Good and Hardin (2006) Common Errors in Statistics, p. 186
The hard part, and the one where training
is so poor, is the a priori thinking about the science of the matter
before data analysis -- even before data colleciton. It has been too
easy to collect data on a large number of variables in the hope that a
fast computer and sophisticated software will sort out the important
things -- the "significant" ones (the "just the numbers" approach).
Instead, a major effort shoud be mounted to understand the nature of
the problem by critical examination of the literature, talking with
others working on the general problem, and thinking deeply about
alternative hypotheses. Rather than "test" dozens of trivial matters
... there must be a more concerted effort to provide evidence on
meaningful questions that are important to a discipline. This is the
critical point: the common failure to address important science
questions in a fully competent fashion.
Burnham and
Anderson (2002) Model Selection and
Multimodel Inference, pp. 144 - 145
Throughout: Look
for, take into account, and report sources of uncertainty.
Specific
suggestions for planning research:
- Decide what questions you
will be studying.
- Trying to study too many
things at once is likely to create problems with multiple testing, so
it may be wise to limit your study.
- If you will be gathering
data, think about how you will gather and analyze it before you start to gather the
data.
- Read reports on related
research, focusing on problems that were encountered and how you might
get around them and/or how you might plan your research to fill in gaps
in current knowledge in the area.
- If you are planning an
experiment, look for possible sources of variability and design
your experiment to take these into account as much as possible.
- If you are gathering
observational data, think about possible confounding factors and plan
your data gathering to reduce confounding.

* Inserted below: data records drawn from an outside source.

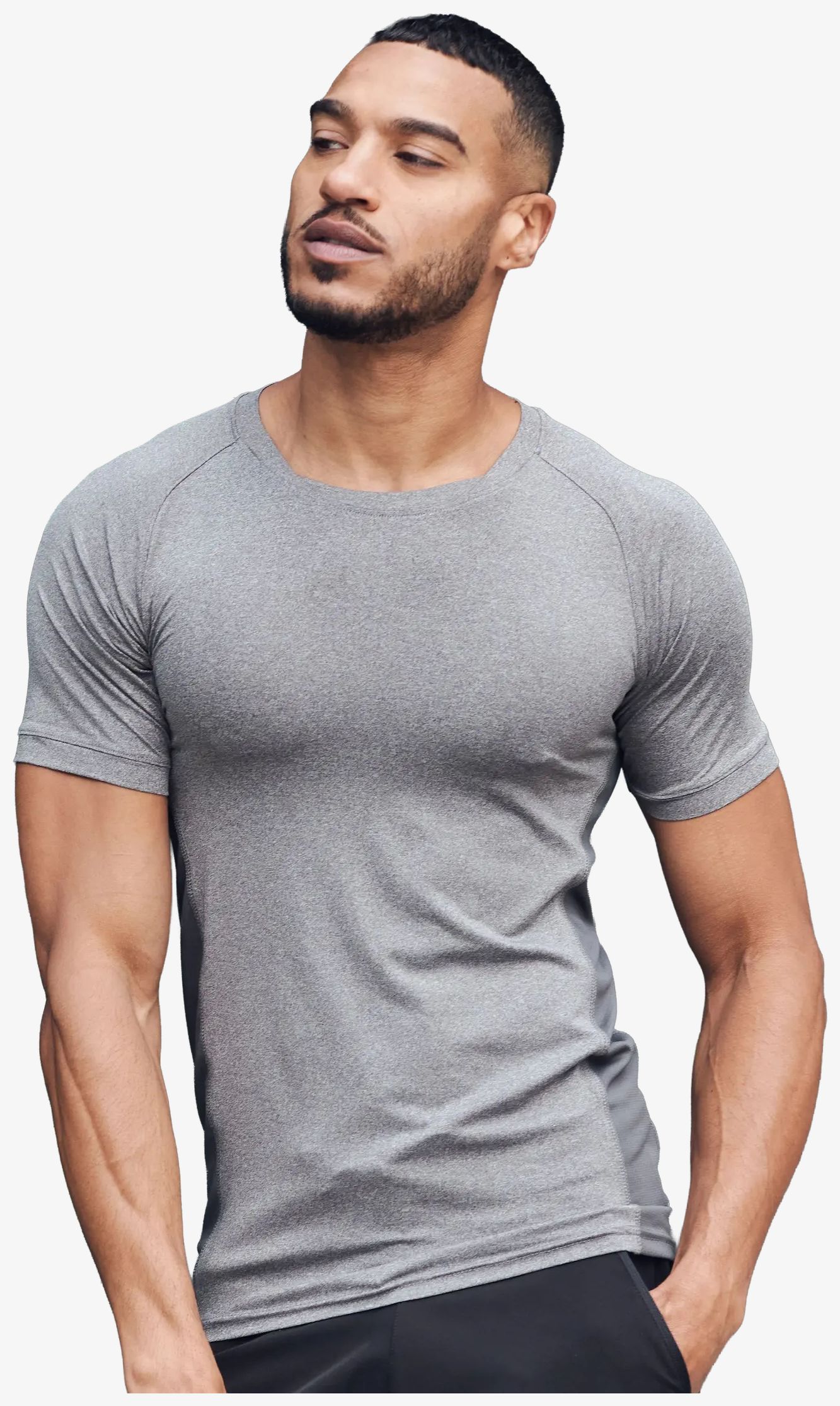 The slim fit men's sport tee-shirt is designed for a close fit with raglan sleeves that facilitate movement. The composition ensures elasticity and breathability.
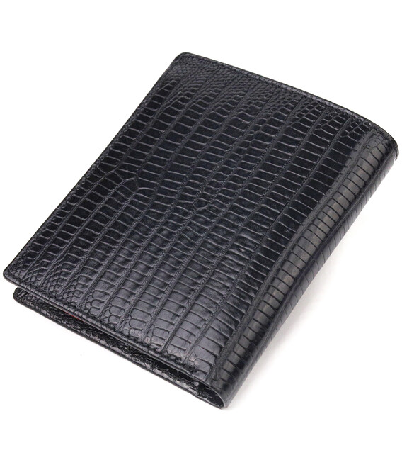 Комбіноване чоловіче портмоне, з натуральної фактурної шкіри, з тисненням під рептилію, у класичному чорному кольорі зовні та червоному кольорі – усередині. Аксесуар має одне основне відділення, з перегородкою, в яке поміщаються купюри всіх номіналів, три відсіки для карток, монетницю на блискавці з розширювачем, дві прилеглі кишені. На зовнішній стороні металевий логотип виробника. Колір фурнітури – срібло. Шкіряний гаманець є справді потрібним практичним подарунком.
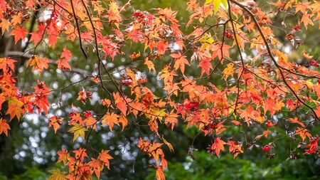 Red and yellow maple leaves on tree branches in autumn park.
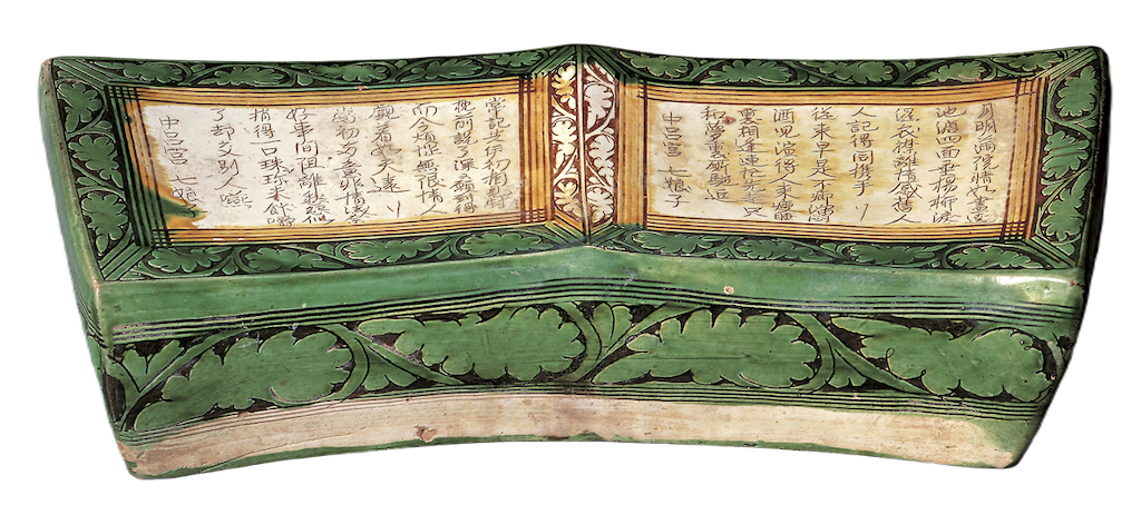 唐代以後,除了長沙窯和磁州窯系,明末以陶瓷製成的酒器也會寫上很多吉祥話和詩文。〈三彩詩文枕〉(圖3)仿照書冊攤開的造型,其上刻有配以北宋時期〈七娘子〉曲調所吟詠的詞句。詞句中,男女互相吟詠、想念著情已逝的戀人,而男人似乎想藉醉酒來排遣消沉的心情,前往夢中的世界。歌詞中所出現的枕,暗示著戀人們的蜜月,並引人走向醉中所見的虛幻夢境。此瓷枕正是反映了歌曲內容的流行造型。
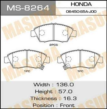 | MASUMA | Колодки тормозные AN-376WK, NP8005, P28023 передн HONDA JAZZ IV (MS-8264) MASUMA MS8264 MASUMA | 48 часов | 10 шт. | 863 грн. | |||
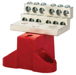 Neutral Bar and Neutral Assembly, 225A Neutral Bar with Mounting Base, 4-14 AWG Wire Range, 600VAC Voltage, 2.250" Width, 2.250" Height, 2.068" Length
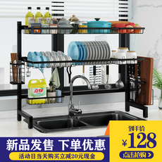 轻奢304不锈钢厨房碗碟收纳架水槽沥水架多功能放碗汲水置物架子
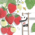 いちごの日のちびパンダ🐼🍓ぱくっ #イラスト #ゆるいイラスト #絵描きさんとつながりたい #イラスト好きな人とつながりたい #絵柄が好みって人にフォローされたい #illustration
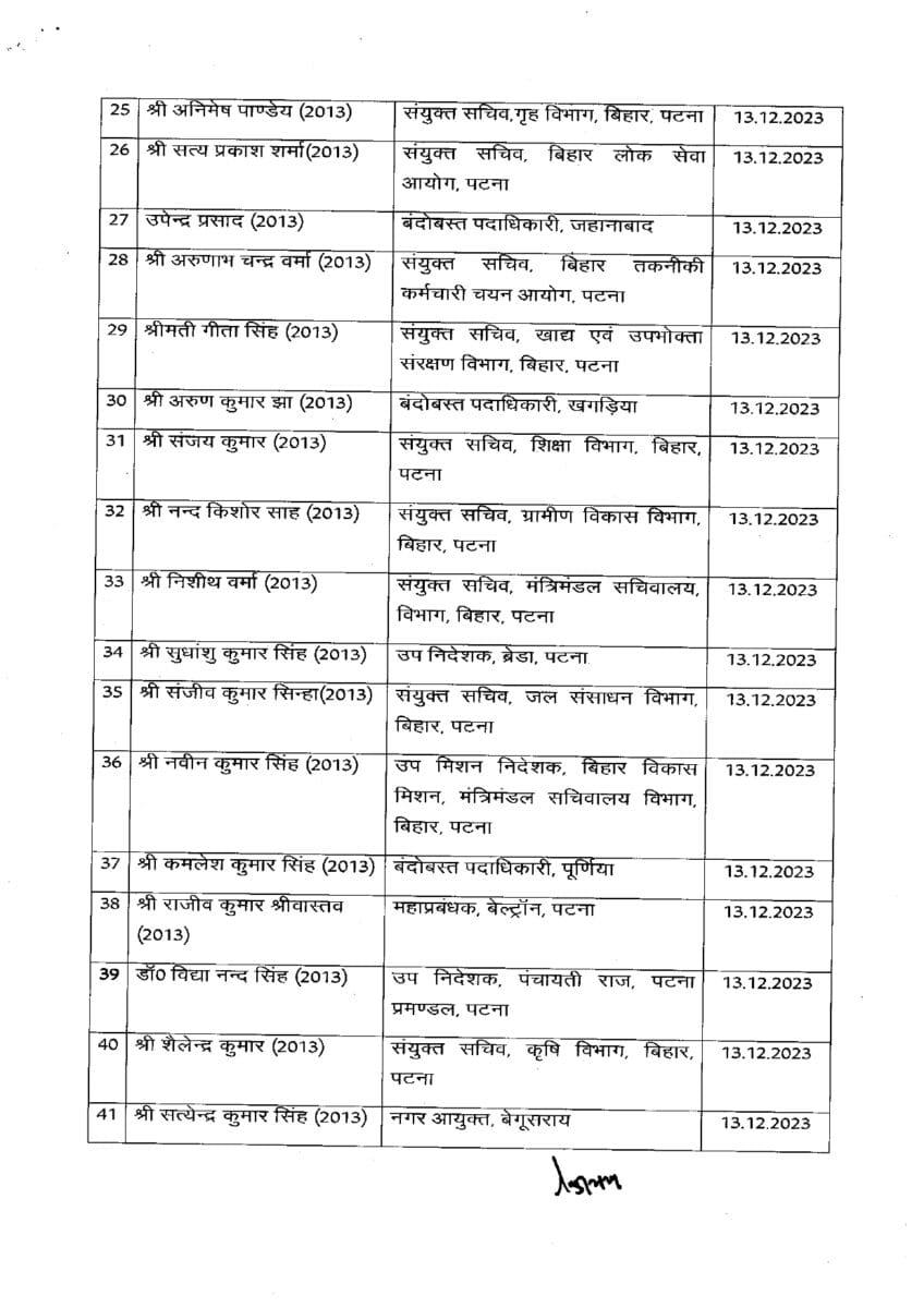 - खाद एवं उपभोक्ता संरक्षण विभाग के संयुक्त सचिव गीता सिंह, खगड़िया के बंदोबस्त पदाधिकारी अरुण कुमार झा, शिक्षा विभाग के संयुक्त सचिव संजय कुमार, ग्रामीण विकास विभाग के संयुक्त सचिव नंदकिशोर साह, मंत्रिमंडल सचिवालय के संयुक्त सचिव निशीथ वर्मा।

- Be sure to record any time and spatial variables present,
or any other variables that might influence outcome, whether or not you
initially plan to use them in your analysis.
- Also think about any
factors that might make the sample biased.
- You may need to limit
your study to a smaller population than originally intended.
- Think carefully about
what measures you will use.
- If your data gathering
involves asking questions, put careful thought into choosing and phrasing them. Then
check them out with a test-run and revise as needed.
- Think carefully about how
you will randomize (for an experiment) or sample
(for an observational
study).
- Think carefully about
whether or not the model assumptions
of your intended method of analysis are likely to be reasonable.
- If not, revise either
your plan for data gathering or your plan for analysis, or both.
- Conduct a pilot study to
trouble shoot and obtain variance estimates for a power
analysis.
- Decide on appropriate
levels of Type I and Type II error, taking
into account consequences of each type of error.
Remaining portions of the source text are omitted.